- Cold Brayfield Location within Buckinghamshire
- Interactive map of Cold Brayfield
- Population: 90 (2021 census)
- OS grid reference: SP929523
- Civil parish: Cold Brayfield;
- District: City of Milton Keynes;
- Unitary authority: Milton Keynes City Council;
- Ceremonial county: Buckinghamshire;
- Region: South East;
- Country: England
- Sovereign state: United Kingdom
- Post town: OLNEY
- Postcode district: MK46
- Dialling code: 01234
- Police: Thames Valley
- Fire: Buckinghamshire
- Ambulance: South Central
- UK Parliament: Milton Keynes North;

= Cold Brayfield =

Civil parish in the City of Milton Keynes, England

Cold Brayfield is a village and civil parish in the unitary authority area of the City of Milton Keynes, Buckinghamshire, England. It is about 3 mi east of Olney, 8 mi west of Bedford, and 10 mi north of Central Milton Keynes on the Bedfordshire border. Nearby places are Lavendon and Turvey (over the bridge on the Bedfordshire side of the River Great Ouse).

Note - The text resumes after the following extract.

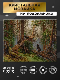 Алмазная мозаика на подрамнике 50х40 Утро в сосновом лесу
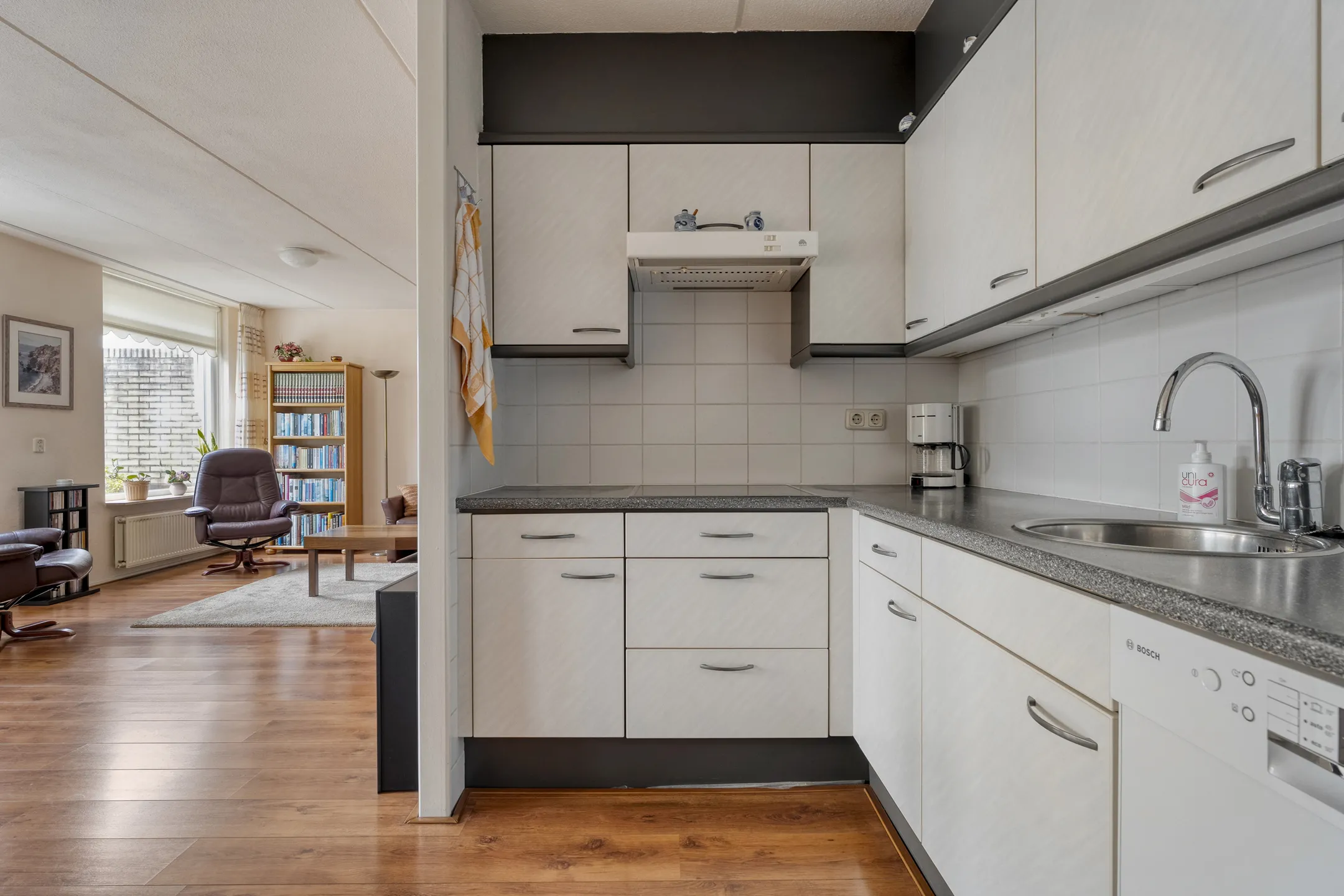 Het appartement beschikt over een prettige en lichte woonkamer van goed formaat, met een fijne verbinding naar de keuken. De indeling is praktisch en overzichtelijk, waardoor u hier direct een gevoel van thuis ervaart. Met twee volwaardige slaapkamers biedt het appartement volop ruimte voor bijvoorbeeld een logeerkamer, hobbyruimte of werkkamer.

It is in the civil parish of Newton Blossomville.

Cold Brayfield is probably the place named as 'Bragenfelda' in a charter of 967. The elements of the name, 'brain' and 'field' are interpreted to mean 'open country on the crown of a hill'. The village name is later recorded in twelfth- and thirteenth-century charters as 'Brauefeld', 'Brawefeld' or 'Brauufeld', and becomes 'Cold Brayfield' towards the end of the sixteenth century. The basis for the prefix 'Cold' is not recorded.

The Church of England parish church is dedicated to St Mary the Virgin.